Given records below:

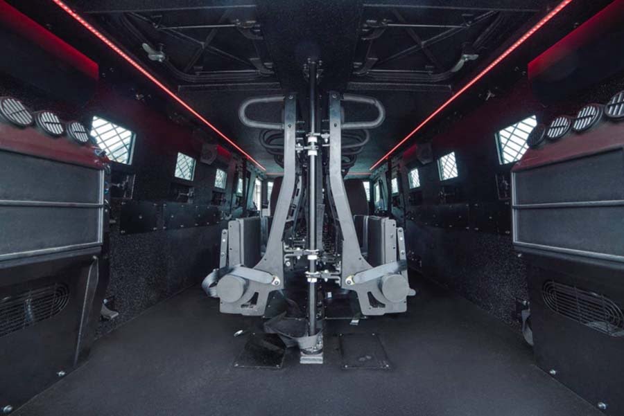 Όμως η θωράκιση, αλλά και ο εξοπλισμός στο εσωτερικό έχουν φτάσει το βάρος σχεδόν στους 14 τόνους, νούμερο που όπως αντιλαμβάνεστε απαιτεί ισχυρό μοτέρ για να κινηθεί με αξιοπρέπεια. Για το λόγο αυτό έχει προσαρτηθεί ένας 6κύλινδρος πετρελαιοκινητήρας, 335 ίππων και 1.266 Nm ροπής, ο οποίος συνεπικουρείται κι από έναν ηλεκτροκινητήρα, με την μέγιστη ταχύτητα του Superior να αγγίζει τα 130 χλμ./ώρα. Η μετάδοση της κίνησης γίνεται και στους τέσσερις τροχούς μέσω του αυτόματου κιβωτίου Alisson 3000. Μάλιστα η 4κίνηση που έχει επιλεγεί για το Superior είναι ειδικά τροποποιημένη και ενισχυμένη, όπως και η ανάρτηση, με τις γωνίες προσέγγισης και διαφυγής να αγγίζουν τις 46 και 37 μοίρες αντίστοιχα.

End of Given records.
Given records below:

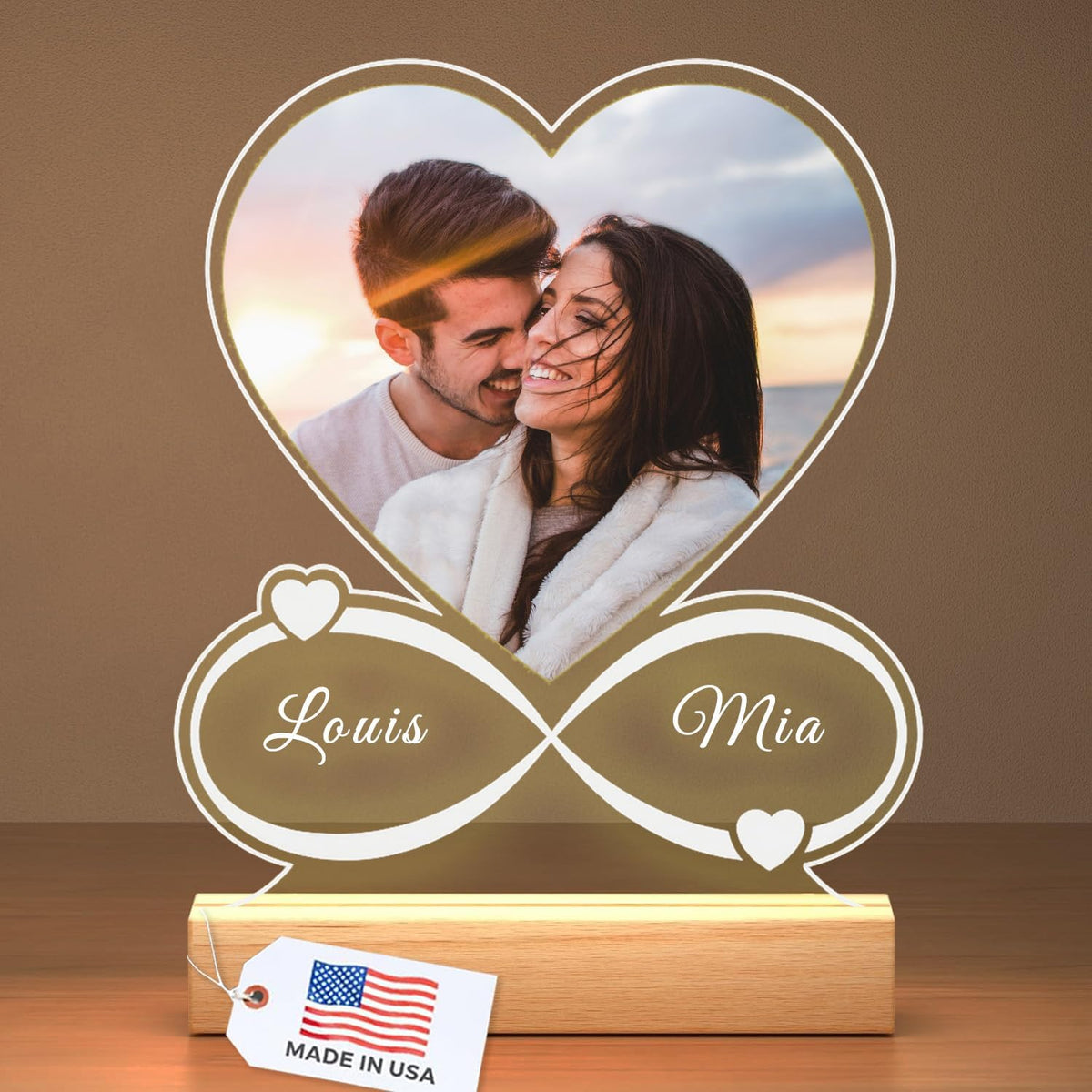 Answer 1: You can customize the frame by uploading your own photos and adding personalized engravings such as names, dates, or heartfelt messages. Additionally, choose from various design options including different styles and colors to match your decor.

End of Given records.
Given records below:

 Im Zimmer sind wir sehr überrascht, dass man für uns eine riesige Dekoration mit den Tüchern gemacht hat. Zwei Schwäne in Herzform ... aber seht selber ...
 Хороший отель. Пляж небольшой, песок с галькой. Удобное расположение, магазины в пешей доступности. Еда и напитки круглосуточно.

End of Given records.

- _Work instruction_: Using only the entries above, output the line with "Im Zimmer sind", the line with "Хороший отель. Пляж", and all lines between them, exactly as they stand.

- _Answer section_:
 Im Zimmer sind wir sehr überrascht, dass man für uns eine riesige Dekoration mit den Tüchern gemacht hat. Zwei Schwäne in Herzform ... aber seht selber ...
 Хороший отель. Пляж небольшой, песок с галькой. Удобное расположение, магазины в пешей доступности. Еда и напитки круглосуточно.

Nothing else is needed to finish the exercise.